As previously revealed by local media, Peevey sketched an outline of a settlement by which ratepayers would get stuck with $3.3 billion of the $4.7 billion costs of decommissioning the San Onofre nuclear plant. Edison executive Stephen Pickett met with Peevey in Warsaw, but the company did not reveal the meeting, as required by CPUC rules, until much later.
It appears Edison energy division director Edward Randolph was on the Warsaw trip, although it is not clear that he was in on the secret meeting with Pickett and Peevey.
Peevey is now under state and federal criminal investigation. It is against CPUC rules for a commissioner to try and influence a decision before it comes before a commission vote. In this case, the commission ultimately approved the plan, which was similar to what Peevey sketched out.
Now, a key email has surfaced.
On March 31, 2013, Edison's Randolph emailed Michael Florio, then the commissioner in charge of the case. Said Randolph: "Commissioner Peevey asked me to set up a meeting with him for you and me next Thursday after the commission meeting. (We were both having email problems in Poland so he asked me to set it up when I got back.) He suggest[s] lunch or dinner (but I need to be in Sacto late in the day). For now Commissioner Peevey would like to keep this meeting to just the three of us. I am happy to come by to explain the topic in person (or on the phone). Can we make something work for Thursday?"
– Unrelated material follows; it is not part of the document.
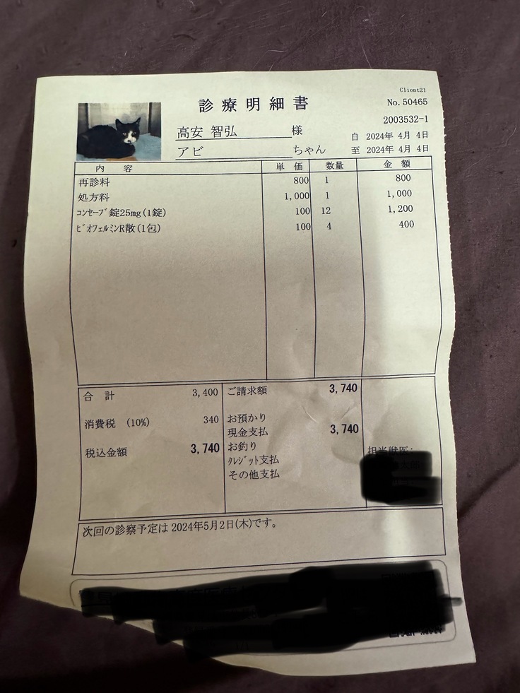 あと、血液検査の結果も良好でした。腎臓病としてはステージ2。一年前と変わらない数値でした。本当に皆様のご支援ありがとうございます。この結果が全てだと思っております。感謝致します。

Florio, who was later removed as commissioner on the case, replied to Randolph's March 31 email, "Lunch would be fine. THANKS and welcome back!"
Florio has claimed that he didn't hear about the settlement plan until it was announced. He has stuck with that story to the U-T, suggesting that he doesn't remember what was discussed at the post-Warsaw huddle with Peevey and Randolph — but is certain it was not about the March 2013 secret Warsaw huddle.
The new batch of emails Aguirre received has other eyebrow-arching items — one of them an email in which Peevey exults that Wall Street approves the settlement. (Of course Wall Street loved it. It barely nicked shareholders and put the burden on ratepayers, who had nothing to do with the management errors that led to the shutdown.)